Another back-of-the-envelope estimate:
You probably understand that context switches are typically more than 2 orders of magnitude slower than a function (or method) invocation. Perhaps your efforts with the thread pool and number of clients are reducing the number context switches, but I think they won't be enough.
As a single data point: on my Dell, with dual core Athlon 2, running Ubuntu 12.04, and reporting it's best bogoMIP as 5210.77 for each processor:
--> a single pthread-mutex-semaphore enforced context switch benchmarks to 14 us.

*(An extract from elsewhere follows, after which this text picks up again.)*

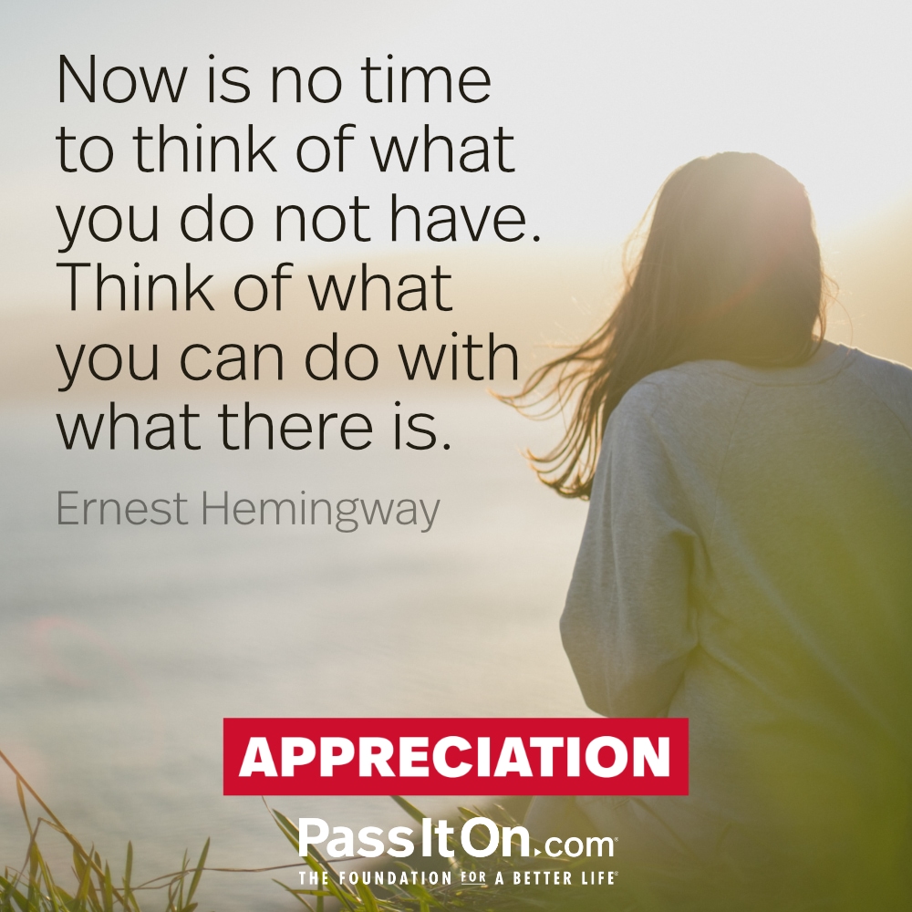 Now is no time to think of what you do not have. Think of what you can do with what there is.  —Ernest Hemingway

i.e. (50,000 * 14 us) adds to 700 ms, or 0.7 seconds, or 70% of a single cores bandwidth, and none of your code has yet run, none of your data has yet transferred
While multicore can speed up some of this, you should consider rethinking how to use threads.
I suggest you temporarily scale back to a few clients (like 1 or 2), then measure the durations of the various sections of your server code. Find the bottle necks, don't guess.

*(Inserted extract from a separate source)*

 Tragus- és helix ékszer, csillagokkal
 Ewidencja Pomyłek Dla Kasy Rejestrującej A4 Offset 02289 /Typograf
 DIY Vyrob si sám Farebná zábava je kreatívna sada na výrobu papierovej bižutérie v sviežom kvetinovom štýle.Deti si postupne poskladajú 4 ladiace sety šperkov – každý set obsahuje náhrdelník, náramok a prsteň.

For instance, wouldn't commenting out beginsend() eliminate all data transmits? Perhaps it would be better to try and measure the duration of a functioning beginsend(), instead of trying to guess what it means to eliminate it and all the events it triggers.
I use the following for measurement, perhaps this might help :
uint64_t start_us = getSystemMicrosecond();
uint64_t duration_us = getSystemMicrosecond() - start_us;
And uint64_t getSystemMicrosecond(void) is trivially constructed from Linux function
int clock_gettime(CLOCK_REALTIME, &ts)